#### EXERCISE OBJECTIVE:
Output only the stretch of the listing that starts at the line containing "Sarà poi possibile" and ends at the line containing "Nico和Marina 是我的Modle Nico是来拍摄南极风光纪录片的", reproduced exactly with both ends.

#### EXTRACTED DATA:
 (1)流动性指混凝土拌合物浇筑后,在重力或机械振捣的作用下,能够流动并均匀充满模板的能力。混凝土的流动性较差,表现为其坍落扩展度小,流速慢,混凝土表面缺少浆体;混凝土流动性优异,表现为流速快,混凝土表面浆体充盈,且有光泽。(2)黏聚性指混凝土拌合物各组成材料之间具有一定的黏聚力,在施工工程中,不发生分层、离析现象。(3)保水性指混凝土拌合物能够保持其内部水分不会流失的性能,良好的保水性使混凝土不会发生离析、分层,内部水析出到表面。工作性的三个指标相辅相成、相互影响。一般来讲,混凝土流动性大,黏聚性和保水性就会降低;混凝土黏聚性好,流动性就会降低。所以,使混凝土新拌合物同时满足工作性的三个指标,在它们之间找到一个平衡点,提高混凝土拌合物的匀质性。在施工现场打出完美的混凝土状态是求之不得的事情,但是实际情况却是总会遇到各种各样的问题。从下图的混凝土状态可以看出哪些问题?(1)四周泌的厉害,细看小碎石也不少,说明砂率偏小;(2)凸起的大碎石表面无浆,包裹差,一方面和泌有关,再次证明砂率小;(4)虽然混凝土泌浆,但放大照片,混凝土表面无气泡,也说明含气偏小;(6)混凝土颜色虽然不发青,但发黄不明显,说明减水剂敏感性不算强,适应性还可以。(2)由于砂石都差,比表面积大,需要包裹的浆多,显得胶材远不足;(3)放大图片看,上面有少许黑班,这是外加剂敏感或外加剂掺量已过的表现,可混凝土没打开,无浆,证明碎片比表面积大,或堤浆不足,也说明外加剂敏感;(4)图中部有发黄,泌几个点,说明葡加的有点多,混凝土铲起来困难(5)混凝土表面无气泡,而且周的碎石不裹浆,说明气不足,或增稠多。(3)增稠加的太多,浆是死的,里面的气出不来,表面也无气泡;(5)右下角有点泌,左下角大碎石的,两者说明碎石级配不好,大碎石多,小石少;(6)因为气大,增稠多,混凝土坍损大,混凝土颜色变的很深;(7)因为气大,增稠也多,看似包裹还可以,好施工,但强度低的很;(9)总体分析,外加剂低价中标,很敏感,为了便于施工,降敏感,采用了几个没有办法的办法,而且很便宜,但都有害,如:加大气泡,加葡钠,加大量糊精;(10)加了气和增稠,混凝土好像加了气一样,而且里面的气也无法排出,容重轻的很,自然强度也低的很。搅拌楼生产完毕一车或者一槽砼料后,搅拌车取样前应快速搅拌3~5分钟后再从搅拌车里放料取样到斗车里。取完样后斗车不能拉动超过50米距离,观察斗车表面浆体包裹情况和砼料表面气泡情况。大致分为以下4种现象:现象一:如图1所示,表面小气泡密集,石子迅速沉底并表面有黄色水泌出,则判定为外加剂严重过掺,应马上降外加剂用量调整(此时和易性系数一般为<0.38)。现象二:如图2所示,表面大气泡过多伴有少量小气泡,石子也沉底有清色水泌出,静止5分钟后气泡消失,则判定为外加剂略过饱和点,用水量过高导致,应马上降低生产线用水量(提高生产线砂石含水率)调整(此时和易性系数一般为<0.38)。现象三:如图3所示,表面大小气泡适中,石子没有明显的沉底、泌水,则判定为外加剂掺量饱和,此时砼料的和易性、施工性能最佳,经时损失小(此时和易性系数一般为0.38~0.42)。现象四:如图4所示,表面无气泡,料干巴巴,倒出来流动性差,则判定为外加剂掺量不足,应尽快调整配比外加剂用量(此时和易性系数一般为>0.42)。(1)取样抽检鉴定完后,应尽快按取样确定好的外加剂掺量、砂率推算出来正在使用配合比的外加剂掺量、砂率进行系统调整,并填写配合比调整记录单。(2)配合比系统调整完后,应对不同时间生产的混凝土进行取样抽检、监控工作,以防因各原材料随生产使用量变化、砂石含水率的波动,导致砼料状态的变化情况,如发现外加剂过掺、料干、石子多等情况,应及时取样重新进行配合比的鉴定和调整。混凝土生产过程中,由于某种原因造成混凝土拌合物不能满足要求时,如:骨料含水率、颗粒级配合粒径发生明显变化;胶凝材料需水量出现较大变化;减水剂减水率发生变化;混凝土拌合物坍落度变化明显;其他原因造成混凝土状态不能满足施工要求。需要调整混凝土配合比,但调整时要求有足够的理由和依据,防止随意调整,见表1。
* * *
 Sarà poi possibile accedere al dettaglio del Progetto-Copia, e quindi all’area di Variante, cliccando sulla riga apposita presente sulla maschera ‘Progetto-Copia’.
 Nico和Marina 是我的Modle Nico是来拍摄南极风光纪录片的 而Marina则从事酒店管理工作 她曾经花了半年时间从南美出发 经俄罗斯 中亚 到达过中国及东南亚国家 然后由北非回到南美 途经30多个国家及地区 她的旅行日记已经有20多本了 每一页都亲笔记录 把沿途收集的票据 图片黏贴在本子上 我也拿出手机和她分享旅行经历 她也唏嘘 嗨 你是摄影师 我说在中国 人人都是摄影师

#### REPLY:
 Sarà poi possibile accedere al dettaglio del Progetto-Copia, e quindi all’area di Variante, cliccando sulla riga apposita presente sulla maschera ‘Progetto-Copia’.
 Nico和Marina 是我的Modle Nico是来拍摄南极风光纪录片的 而Marina则从事酒店管理工作 她曾经花了半年时间从南美出发 经俄罗斯 中亚 到达过中国及东南亚国家 然后由北非回到南美 途经30多个国家及地区 她的旅行日记已经有20多本了 每一页都亲笔记录 把沿途收集的票据 图片黏贴在本子上 我也拿出手机和她分享旅行经历 她也唏嘘 嗨 你是摄影师 我说在中国 人人都是摄影师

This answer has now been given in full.